— WHAT NEEDS TO BE DONE —
Data follows below. Repeat exactly the lines between the line holding "Since it is" and the line holding "(6) When measuring", inclusive, and nothing more; drop pictures.

— SOURCE DATA —
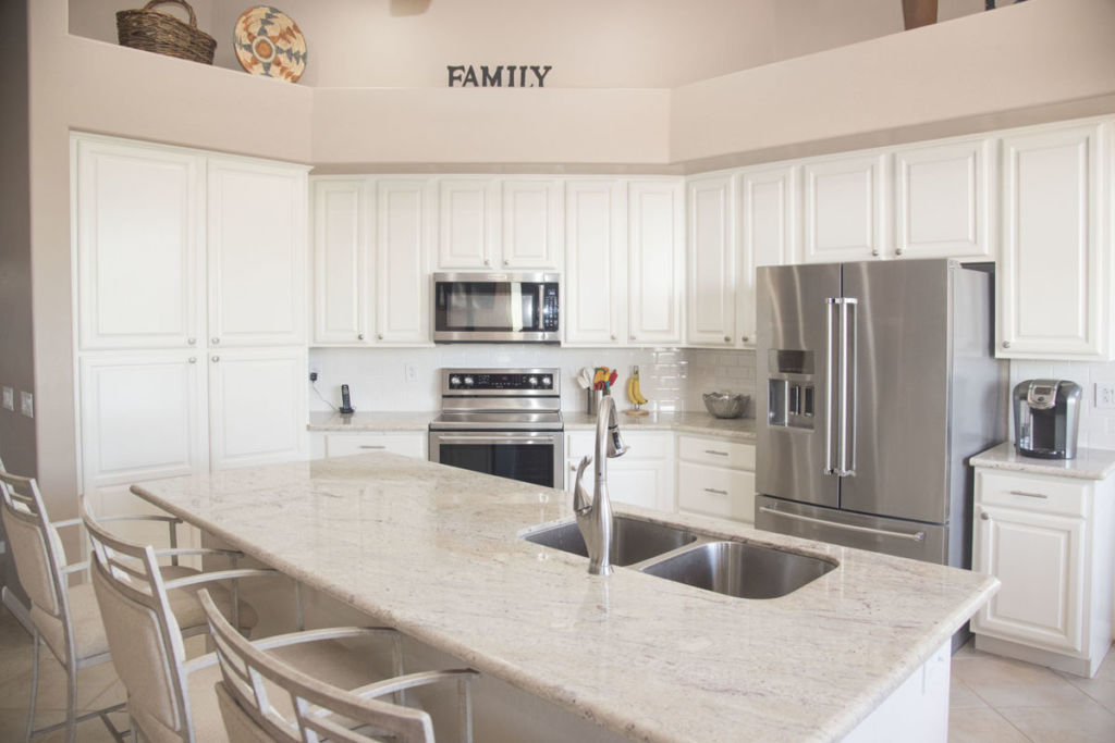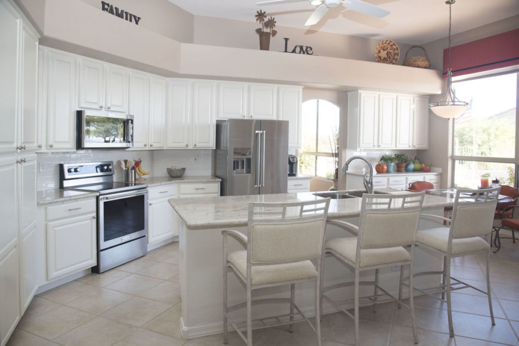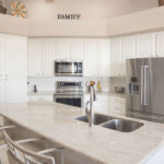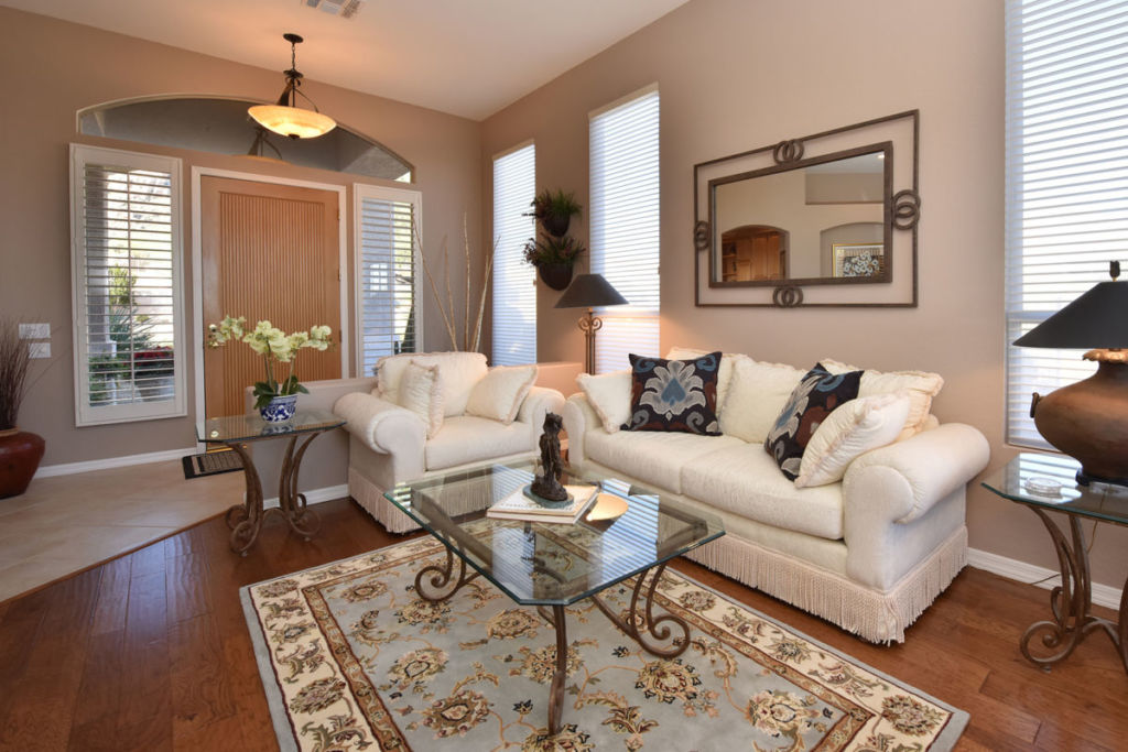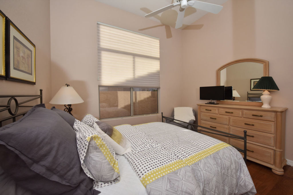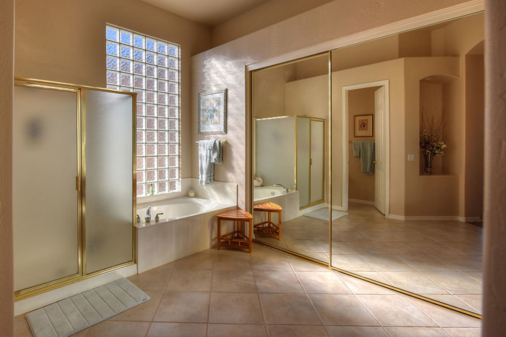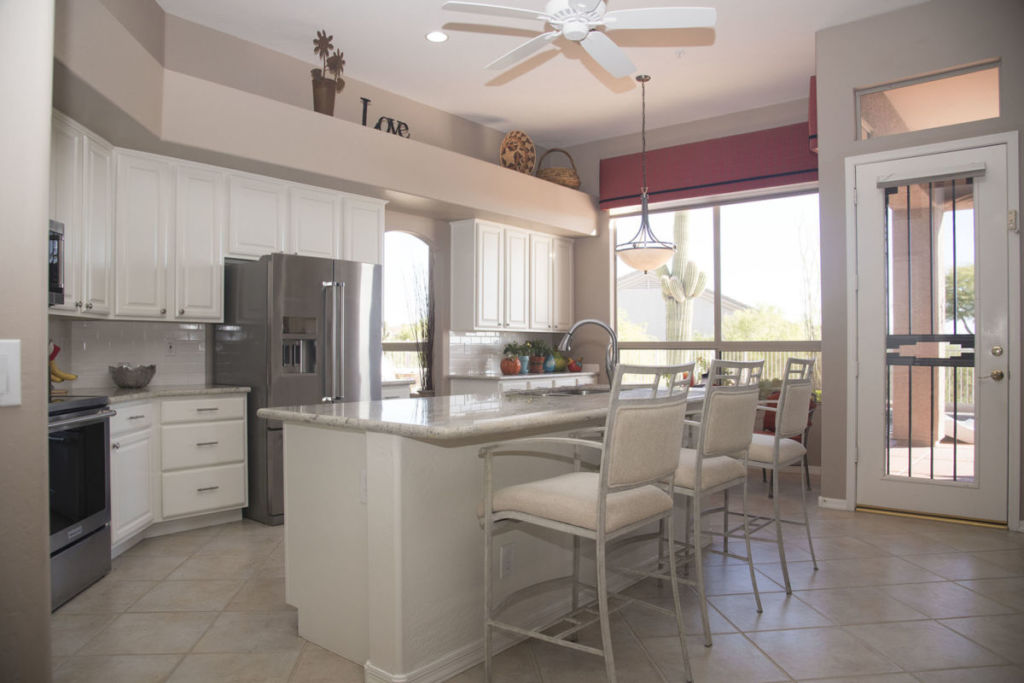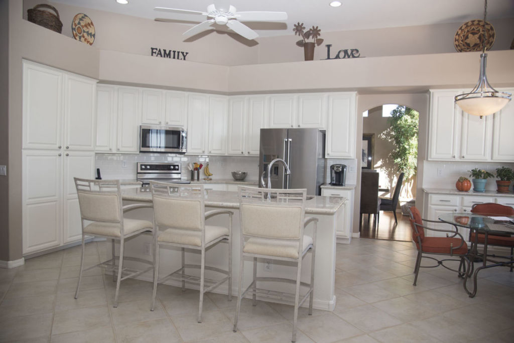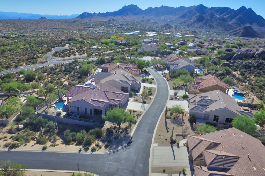 Floor plan features split master bedroom with large walk-in closet; adjacent office; powder bathroom; two secondary bedrooms each with their own vanity that connects to a jack-and-jill bath; 4th guest bedroom with removable Murphy bed cabinet and adjacent full bathroom; full size laundry room; formal living and dining rooms offer flex space for media or billiards room; and eat-in kitchen open to family room. Expansive backyard features travertine covered patio that expands out to surround the heated pool with water features, the stacked stone gas burning fire pit; built-in cook station, flowering desert landscape — all designed to frame the spectacular view.
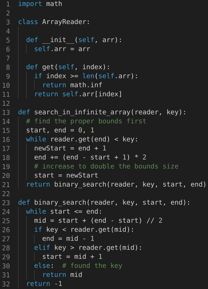 Since it is not possible to define an array with infinite (unknown) size, you will be provided with an interface ArrayReader to read elements of the array. ArrayReader.get(index) will return the number at index; if the array’s size is smaller than the index, it will return Integer.MAX_VALUE.
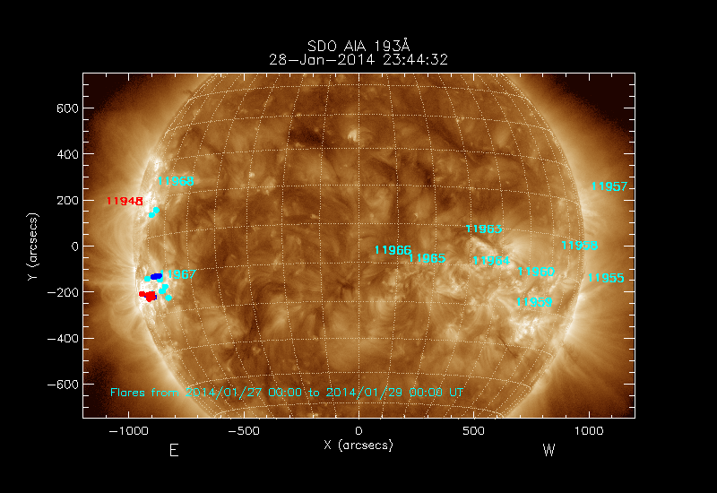 All soft X-ray flares (≥A1.0) where the location has been determined are shown; the flare locations are rotated to the time of the image
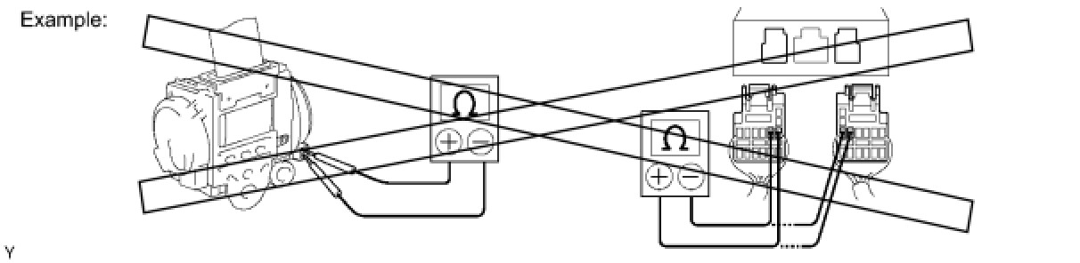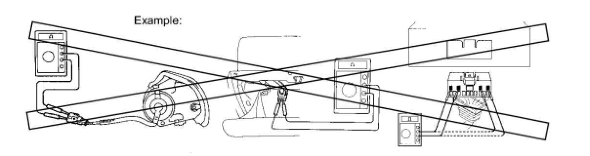 (6) When measuring the resistance between terminals of a wire connector, insert the tester probe carefully to prevent terminals from bending.
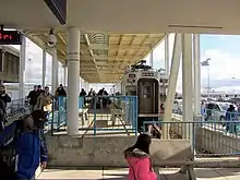 The station was built at the end of what started out as Chicago South Shore and South Bend Railroad's freight spur.[13] The physical location of the station was chosen due to the existence of the freight spur, but this alignment was originally intended to be only temporary.[14] The opening of a new station at the airport came on November 20, 1992.[6] Approximately 200 people attended the opening ceremony.[12] The new station cost $1.8 million, with NICTD paying approximately $1 million of the cost, and the rest being paid by the airport authority.[6] The station was originally an open platform, but, as was planned from its initial construction,[15] was later covered soon after with the construction of a new passenger terminal addition connected to the station. From its opening, the station has been accessible to those with disabilities.[16]
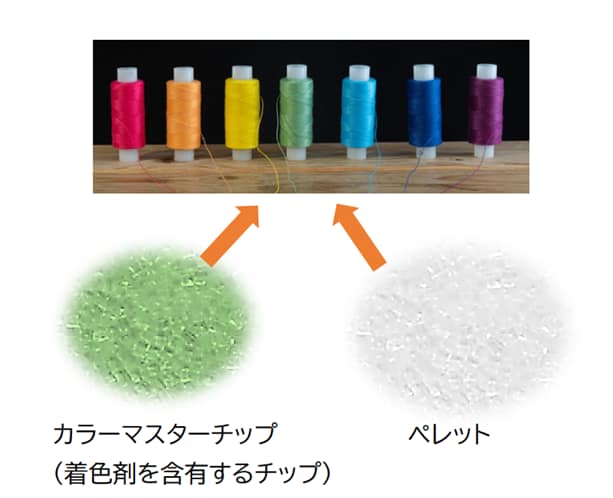 原着糸とは、原料自体に顔料や染料を混ぜて着色した糸を指します。主にナイロンやポリエステル、アクリルなどの合成繊維に、顔料を入れて製造されます。原着糸の製造は、ポリエステルなどの原料となるベースチップであるペレットに着色剤を含有するカラーマスターチップと呼ばれる顔料を混ぜて作られます。これらを混合して、溶かして紡糸することで、色のついた原着糸が出来上がります。原着を使用することで、精練(サイジング剤(糊)を製織時に使用する場合は剤を落とすために染色は省いても精練することもあります。)や染色の工程を省くことができます。

— ANSWER TO THIS PROBLEM —
 Since it is not possible to define an array with infinite (unknown) size, you will be provided with an interface ArrayReader to read elements of the array. ArrayReader.get(index) will return the number at index; if the array’s size is smaller than the index, it will return Integer.MAX_VALUE.
 All soft X-ray flares (≥A1.0) where the location has been determined are shown; the flare locations are rotated to the time of the image
 (6) When measuring the resistance between terminals of a wire connector, insert the tester probe carefully to prevent terminals from bending.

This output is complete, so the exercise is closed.